This side-by-side animation demonstrates index-free adjacency -- the key performance property that gives graph databases their traversal speed advantage over relational databases. On the left, a graph database follows direct pointers between nodes (constant time per hop). On the right, a relational database performs B-tree index lookups for each hop (time grows with data size and hop depth).
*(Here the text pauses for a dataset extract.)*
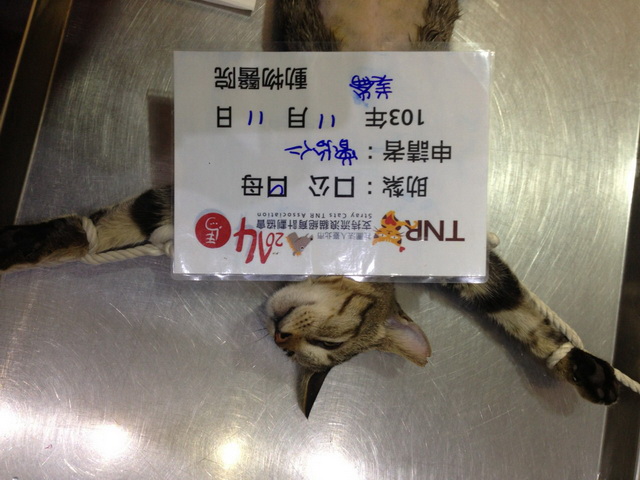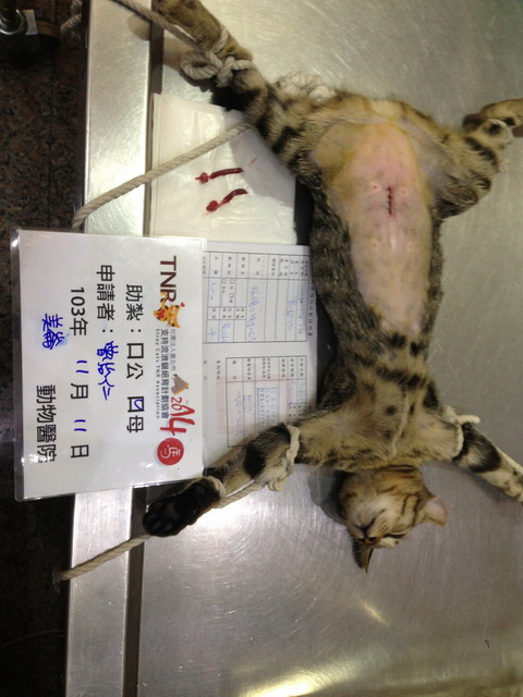 這隻虎斑叫小米,是從小就開始餵養的浪貓一窩四隻,用誘捕籠抓到,紮好原地放養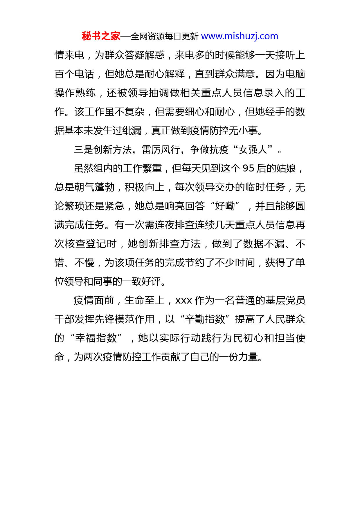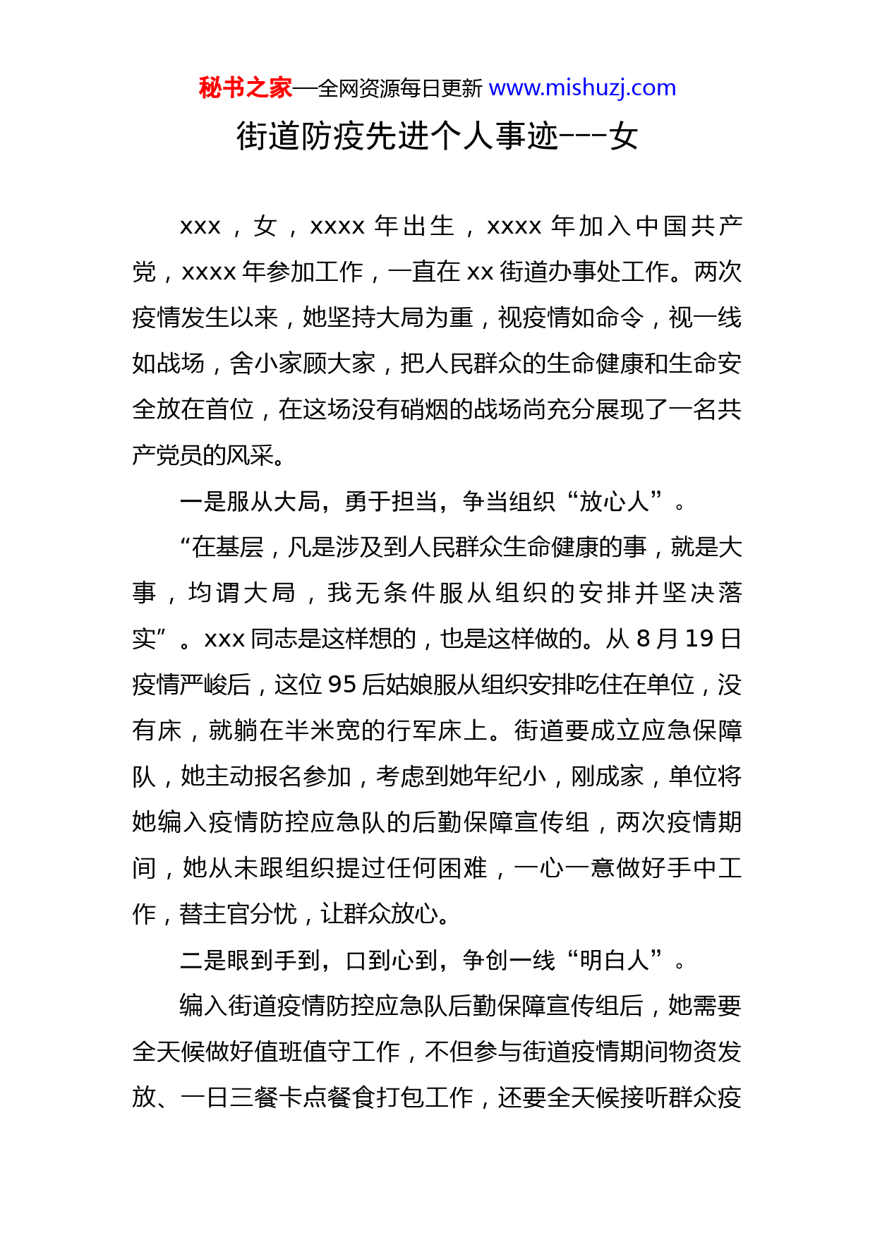 秘书之家—全网资源每日更新www.mishuzj.com街道防疫先进个人事迹---女xxx,女,xxxx年出生,xxxx年加入中国共产党,xxxx年参加工作,一直在xx街道办事处工作。两次疫情发生以来,她坚持大局为重,视疫情如命令,视一线如战场,舍小家顾大家,把人民群众的生命健康和生命安全放在首位,在这场没有硝烟的战场尚充分展现了一名共产党员的风采。一是服从大局,勇于担当,争当组织“放心人”。“在基层,凡是涉及到人民群众生命健康的事,就是大事,均谓大局,我无条件服从组织的安排并坚决落实”。xxx同志是这样想的,也是这样做的。从8月19日疫情严峻后,这位95后姑娘服从组织安排吃住在单位,没有床,就躺在半米宽的行军床上。街道要成立应急保障队,她主动报名参加,考虑到她年纪小,刚成家,单位将她编入疫情防控应急队的后勤保障宣传组,两次疫情期间,她从未跟组织提过任何困难,一心一意做好手中工作,替主官分忧,让群众放心。二是眼到手到,口到心到,争创一线“明白人”。编入街道疫情防控应急队后勤保障宣传组后,她需要全天候做好值班值守工作,不但参与街道疫情期间物资发放、一日三餐卡点餐食打包工作,还要全天候接听群众疫秘书之家—全网资源每日更新www.mishuzj.com情来电,为群众答疑解惑,来电多的时候能够一天接听上百个电话,但她总是耐心解释,直到群众满意。因为电脑操作熟练,还被领导抽调做相关重点人员信息录入的工作。该工作虽不复杂,但需要细心和耐心,但她经手的数据基本未发生过纰漏,真正做到疫情防控无小事。三是创新方法,雷厉风行,争做抗疫“女强人”。虽然组内的工作繁重,但每天见到这个95后的姑娘,总是朝气蓬勃,积极向上,每次领导交办的临时任务,无论繁琐还是紧急,她总是响亮回答“好嘞”,并且能够圆满完成任务。有一次需连夜排查连续几天重点人员信息再次核查登记时,她创新排查方法,做到了数据不漏、不错、不慢,为该项任务的完成节约了不少时间,获得了单位领导和同事的一致好评。疫情面前,生命至上,xxx作为一名普通的基层党员干部发挥先锋模范作用,以“辛勤指数”提高了人民群众的“幸福指数”,她以实际行动践行为民初心和担当使命,为两次疫情防控工作贡献了自己的一份力量。

Click "Next Hop" repeatedly to step through a 5-hop traversal and watch the cumulative time difference grow.

How to Use

  1. Click Next Hop to advance the traversal one step on both sides
  2. Watch the graph side follow a direct pointer (fast, constant time)
  3. Watch the table side perform an index lookup through the B-tree (slower each hop)
  4. Compare the timer bars at the bottom as the gap widens
  5. Click Reset to start over

Scenarios

Hop Graph Database Relational Database
1 Follow pointer: 15 ms Index lookup: 65 ms
2 Follow pointer: 15 ms Index lookup: 90 ms
3 Follow pointer: 15 ms Index lookup: 115 ms
4 Follow pointer: 15 ms Index lookup: 140 ms
5 Follow pointer: 15 ms Index lookup: 165 ms
Total 75 ms 575 ms

Key Concepts

  • Index-free adjacency means each node stores direct physical pointers to its neighbors
  • Graph traversal cost is O(1) per hop regardless of total database size
  • Relational traversal requires O(log n) index lookups per hop, where n is the table size
  • The performance gap widens with each additional hop -- this is why graph databases excel at multi-hop queries like pathfinding, friend-of-friend, and organizational network analysis

Lesson Plan

Bloom Level: Analyze (L4)

Learning Objective: Students will explain why index-free adjacency makes graph databases faster for multi-hop traversals compared to relational database index lookups.

Activities

  1. Step Through All 5 Hops: Click "Next Hop" five times and observe how the graph side completes each hop in constant time while the relational side slows down.
  2. Watch the B-Tree: Notice how the index tree lights up during each relational lookup -- this represents the O(log n) traversal through the index structure.
  3. Analyze the Timer Bars: At which hop does the relational approach fall noticeably behind? Why does the gap accelerate?
  4. Predict at Scale: If the employee table had 1 million rows instead of 6, how would each side's per-hop time change? (Hint: graph stays O(1), relational becomes O(log 1,000,000).)
  5. Connect to Practice: Think of a real organizational question that requires 3+ hops (e.g., "Who are the indirect reports of the VP's mentor?"). Why would you choose a graph database for this?